All these decisions could turn out to be potential votecatchers for the BJP. However, it is easier said than done. With the 2019 Lok Sabha polls around the corner, the BJP is also battling major discontent among many dominant communities, such as the Jats in Haryana, Patidars in Gujarat and Marathas in Maharashtra among others, demanding reservation benefits in jobs across different states.
The government introduced a 10 pc quota for “economically backward sections” among forward castes. However, the Supreme Court struck this down in the Indra Sawhney vs Union of India case judgment in 1992, where it held that the Constitution recognised only social and educational—not economic— backwardness.

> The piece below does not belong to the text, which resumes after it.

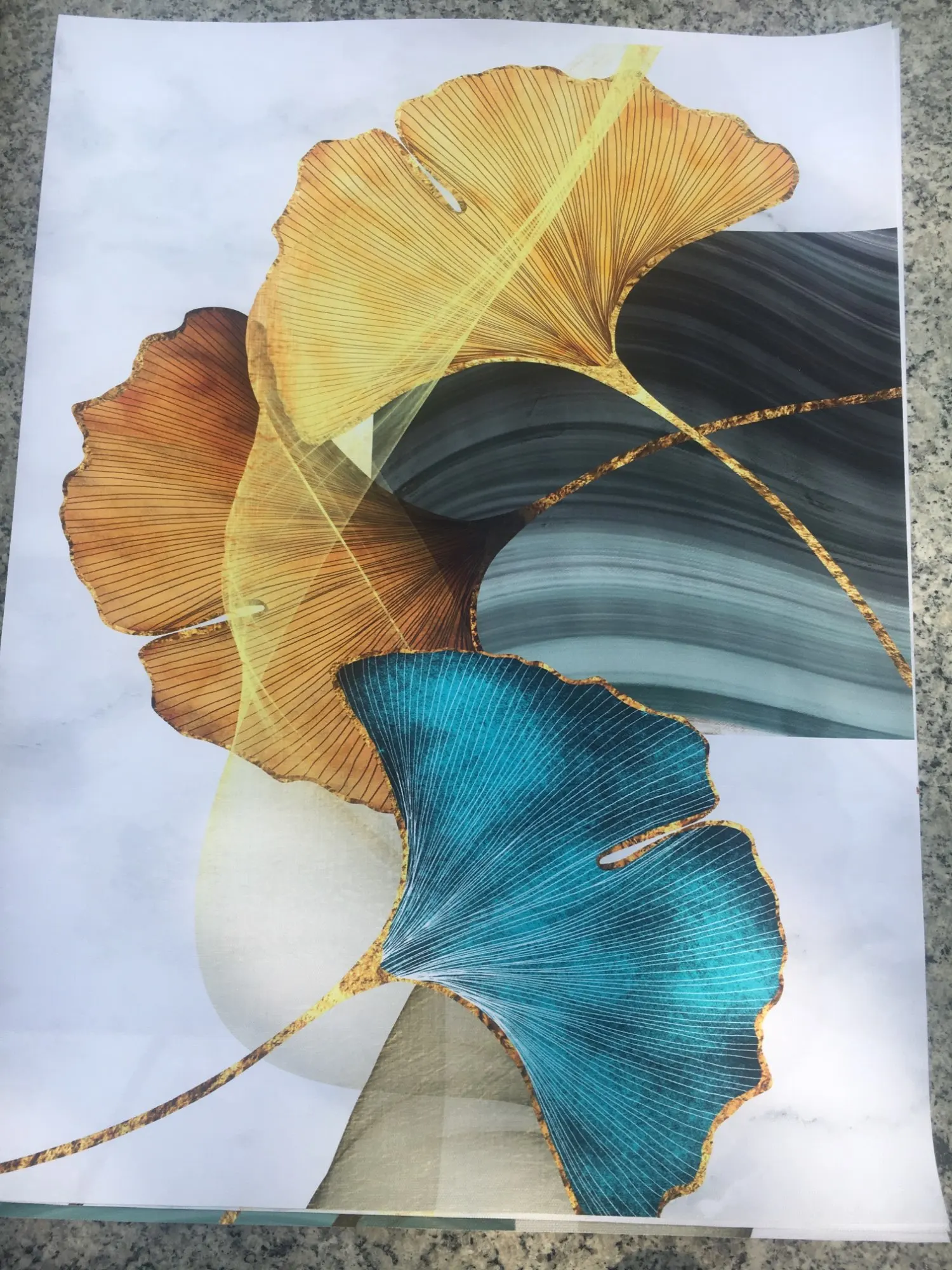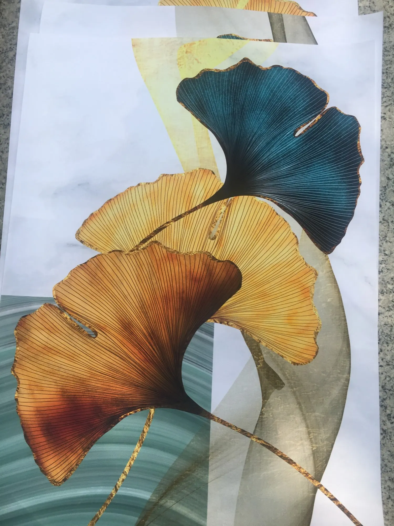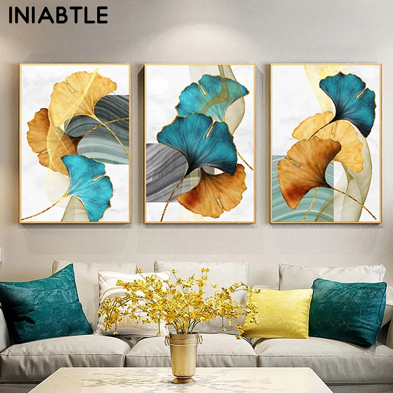Синий, зеленый, желтый, золотой лист, растение, цветок, холст, постер, абстрактная живопись, настенное искусство, принт, скандинавские современные фотографии, декор для гостиной

The overall reservation for SC, ST and OBC was capped at 50 pc. Based on the order, the Central government reserved 27 pc of seats in union civil posts and services, to be filled through direct recruitment for OBC.
Interestingly, the reservation in government jobs does not promise opportunities to millions of Indian belonging to socially backward classes/castes.
This is because the direct recruitment by the Central government ministries and departments in the country have plummeted to 15,877 in 2015 from 1,51,841 in the year 2013, marking a decline of 89 pc.
With no end to a caste-based reservation, all the political parties will continue to milk the caste calculus for their vested political interests.